La sofferenza: un mostro da sconfiggere!
È davvero utile continuare a fuggire dalla sofferenza?
Spesso attraverso i social, mi sono imbattuto in post e pubblicità di professionisti del benessere psichico ed emotivo che promettono, con vari sistemi, di eliminare la sofferenza come fosse una malattia e di combatterla come fosse un nemico da sconfiggere.
Si promettono percorsi e terapie dove la felicità insieme ad una vita più serena, sembra possano arrivare facendo di tutto per non provare disagi, malesseri ed emozioni ritenute negative come tristezza, rabbia, ecc.
Naturale tendenza
Questa è la normale propensione che hanno tutti gli esseri umani: scacciare ciò che ci crea disagio e voler solo ciò che ci fa stare bene.
Chi conosce a fondo le emozioni sa che sono in qualche modo tutte utili ed hanno tutte ragione di esistere.
Ci sono cascato
Anche per me era così, durante il mio percorso di crescita personale avevo il presuntuoso obiettivo di assimilare il più possibile tutte queste informazioni e metodi derivanti dalle materie olistiche, filosofiche e psicologiche (Counseling, Coaching, Mindfulness, Educazione Emotiva, funzionamento del pensiero, psicologia, filosofie orientali e filoni occidentali) per poter guadagnare un giorno talmente tanta conoscenza e competenza da stare al riparo dalla famigerata sofferenza.
Il nobile fine ultimo era tendere alla perfezione per non soffrire mai più o avere tutte le armi e gli strumenti a disposizione per farla durare meno possibile.

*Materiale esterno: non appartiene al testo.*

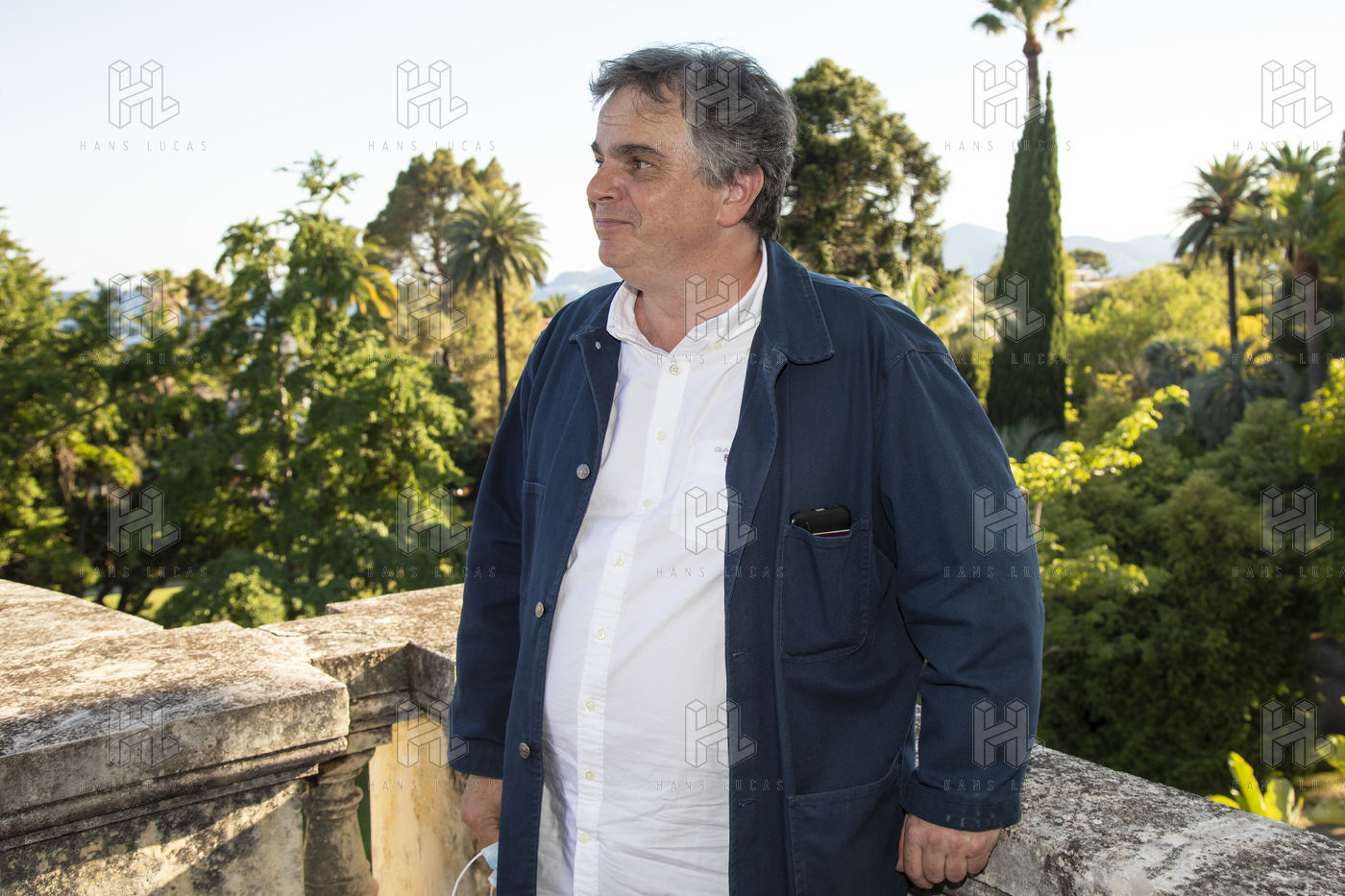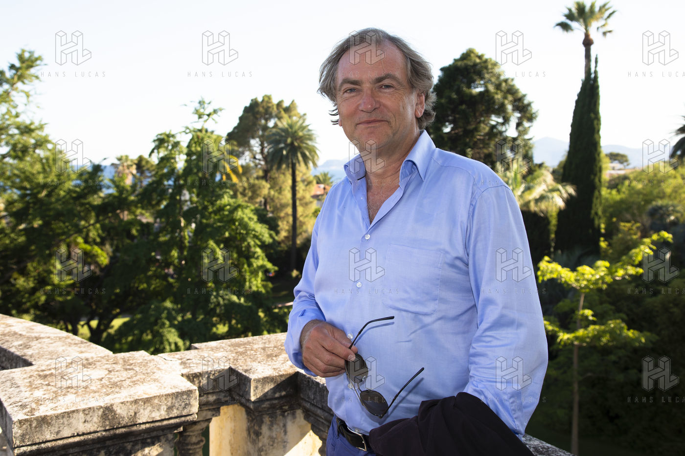 Didier Van Cauwelaert and Alexandre Jardin invited to a literary garden party at the Villa Rothschild in Cannes by the bookstore "Autour d'un Livre" to celebrate the end of government measures which prohibited the sale of books, considered non-essential and present their latest novel.

Addirittura mi sono spesso scoperto ad immaginare cosa avessi potuto fare se la vita mi avesse portato via ciò che più amo, immaginando e studiando un piano strategico di tutto quello che poteva prepararmi ad un evento così drammatico.

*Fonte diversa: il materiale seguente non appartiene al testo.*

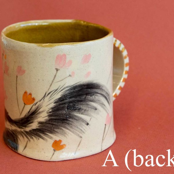 Coffee Mug, 3″x4″x4″, holds 13 ounces, mid-range earthenware with white slip and colored underglazes. Microwave and dishwasher safe.
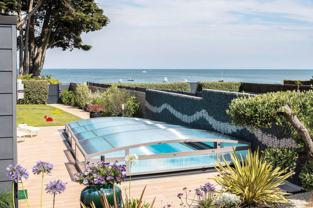 Conserver l’esthétique du lieu est un souci majeur lors de l’installation d’un abri de piscine. Dans cette région de Bretagne, bordée par l’océan, sur la presqu’île de Quiberon, la piscine s’impose à la vue entre la maison et la mer. L’abri devait alors s’intégrer dans le paysage, sans empiéter sur le panorama. La mise en place d’un abri « Stretto », discret, a été choisie pour ses modules bas entièrement rétractables en bout de bassin, constitués de panneaux de polycarbonate alvéolaire à courbes tendues, et de parois latérales transparentes. Particulièrement bas et légèrement galbé, l’abri s’insère avec discrétion dans la mise en scène du jardin.
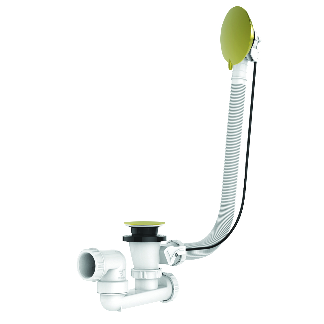 This matte gold bath tub drain made from recycled plastic is part of the VALENTIN gold range. It features a design automatic matte gold metal control knob that opens and closes the matte gold metal cover plug. The 1m cable is highly durable and tested for 1 million operations. It also includes a welded overflow tube, an ABS flange, and a double autofix gasket that holds the drain fitting in place on the bathtub to facilitate installation and ensure a perfect seal. The 360° swivel outlet allows a quick and easy installation.
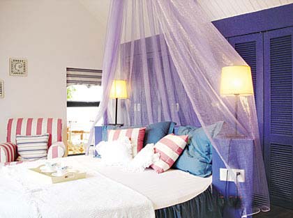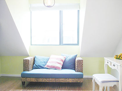 閣樓的房間以藍(lán)白相配的地中海色彩為主。藍(lán)白相配給人以一種干凈、浪漫的感覺,很能彰顯主人的品位。

Ho esagerato, ora lo so, era veramente il mio massimo tentativo di tenere la Vita più sotto controllo possibile sposata all’intenzione di diventare invincibile con il lavoro che facevo su di me giornalmente e ossessivamente, una pretesa davvero irrealizzabile oltre che snervante. Certo non lo facevo consapevolmente era un meccanismo di difesa inconscio che agiva senza una mia presa di coscienza.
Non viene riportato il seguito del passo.